Un univers profondément imprégné par le fait religieux, où chaque geste, chaque visage, chaque personnage semble destiné à incarner une attitude, rejet ou adhésion, pessimisme ou optimisme, face à la foi. Un univers panthéiste, où personnages et nature, au I, se confondent, où Kundry, Eve dénaturée, est associée, au II, à un serpent. Un univers ambivalent, qui s’ouvre en point d’interrogation : où vont ces innombrables figurants, au III, pour autant que leur long cheminement les mène véritablement quelque part ? Un univers, enfin, dont on découvre vite qu’il tourne autour de Parsifal pour mieux en scruter la surface – et en éviter les profondeurs : l’inventivité des décors a beau être complètement ahurissante, et les images, d’une incontestable et hypnotique beauté, rien jamais ne fait vraiment corps avec l’œuvre de Wagner.
Tout fonctionne comme si Castellucci superposait sa propre rhétorique au langage du compositeur, préférant, au lieu de participer à la fusion que suppose le Gesamtkunstwerk, composer sa variation toute personnelle, bien souvent magistrale, finalement déroutante. Parsifal, bien entendu, suscite davantage de questions qu’il n’apporte de réponses ; mais c’est à une réflexion d’un autre genre qu’est invité ici le spectateur : pour sa première incursion dans le monde de l’opéra, le scénographe italien a choisi de ne pas mettre son esthétique au service de l’œuvre, mais au contraire, de faire de l’œuvre le moyen (on n’ose écrire : le prétexte) de sa démarche artistique. Ce serait, pour un peu, Richard Wagner qui mettrait en scène Romeo Castellucci. Et tout surprenant (et contestable) que soit ce spectacle, il devait être immortalisé comme une expérience théâtrale particulièrement stimulante.
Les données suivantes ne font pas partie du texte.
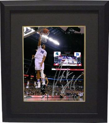 At Duke, Jahlil Okafor earned the USBWA National Freshman of the Year and ACC Player of the Year. He was also a unanimous 2015 NCAA Men's Basketball All-American first-team selection. In the week following Duke's victory in the championship game of the 2015 NCAA Men's Division I Basketball Tournament, Okafor announced he would enter the 2015 NBA draft. He was selected with the 3rd overall pick by the Philadelphia 76ers. Jahlil Okafor has hand signed Duke Blue Devils 16x20 Photo with #15 inscription. Schwartz Sports Hologram and Certificate of Authenticity from Athlon Sports. Custom Black Mat and Premium Black Color Frame.

Quid de l’expérience musicale ? Elle nous trouvera plus concis : la distribution peut compter sur l’engagement impressionnant d’Andrew Richards, l’alto ductile d’Anna Larsson, ou le beau style de Thomas Johannes Mayer, qui montre en Amfortas des subtilités de chanteur d’oratorio. Avec le Gurnemanz usé de Jan-Hendrik Rootering et le Klingsor détonnant de Tomas Tomasson, les choses se gâtent passablement.
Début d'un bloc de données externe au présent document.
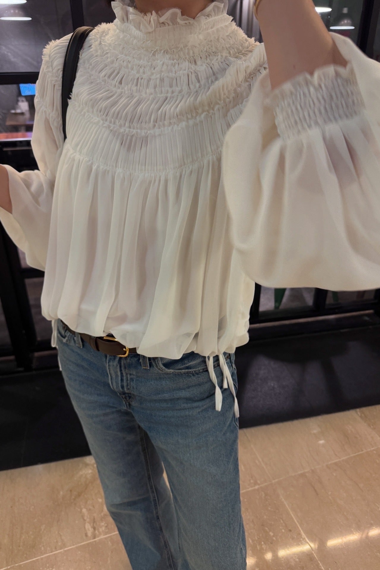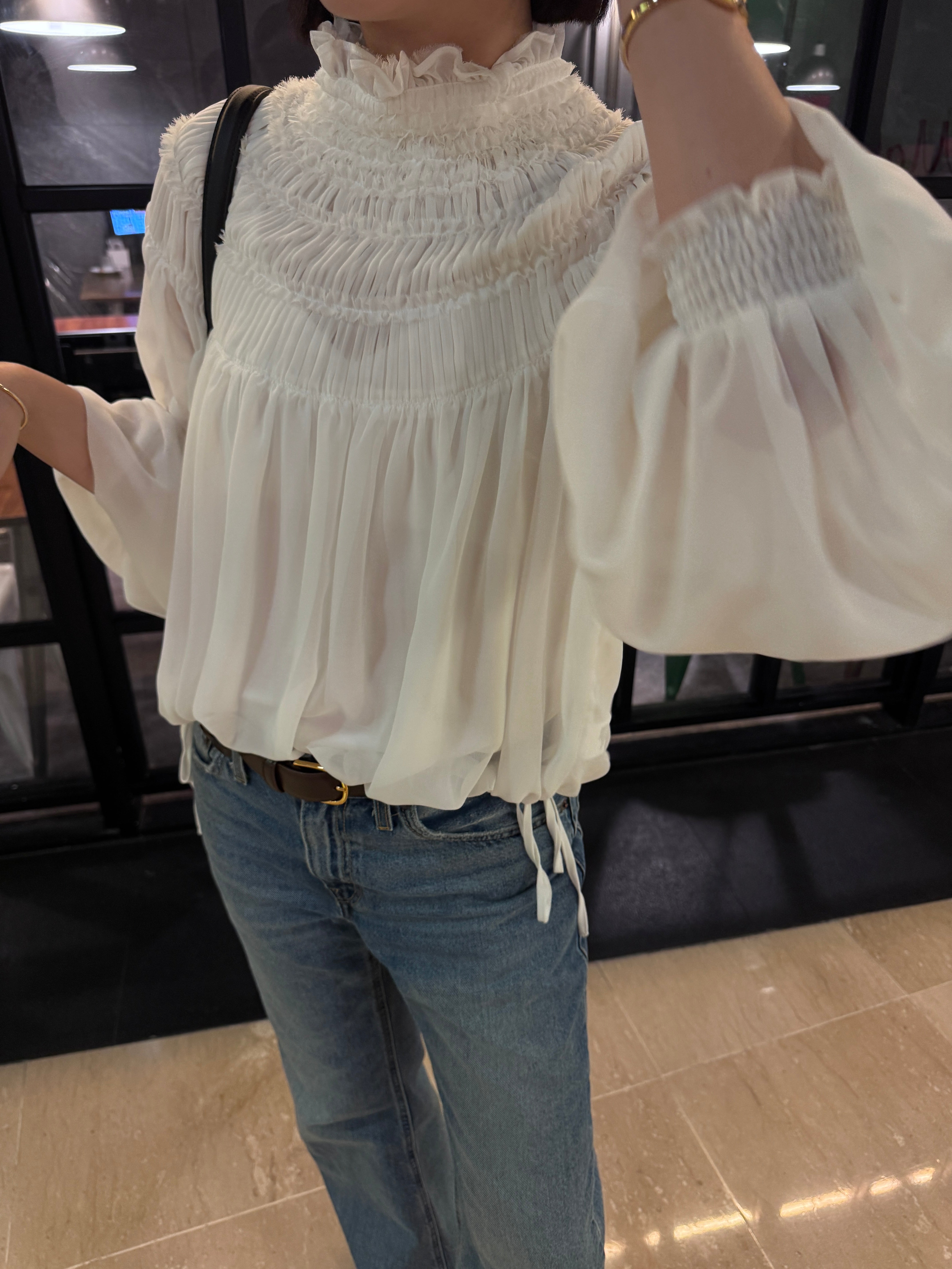 - Softly voluminous long sleeves

C’est avant tout l’orchestre que l’on retient : comme à Paris en 2008, Hartmut Haenchen réalise un travail remarquable, où la clarté de chaque pupitre n’empêche pas la cohésion d’un puissant jeu d’ensemble, où la précision « analytique » du geste se rallie, une fois n’est pas coutume, du côté de l’expressivité et de l’émotion. C’est beaucoup, pas tout à fait suffisant pour égaler la (lourde) concurrence dans ce domaine. Castellucci, décidément, passe ici avant Wagner !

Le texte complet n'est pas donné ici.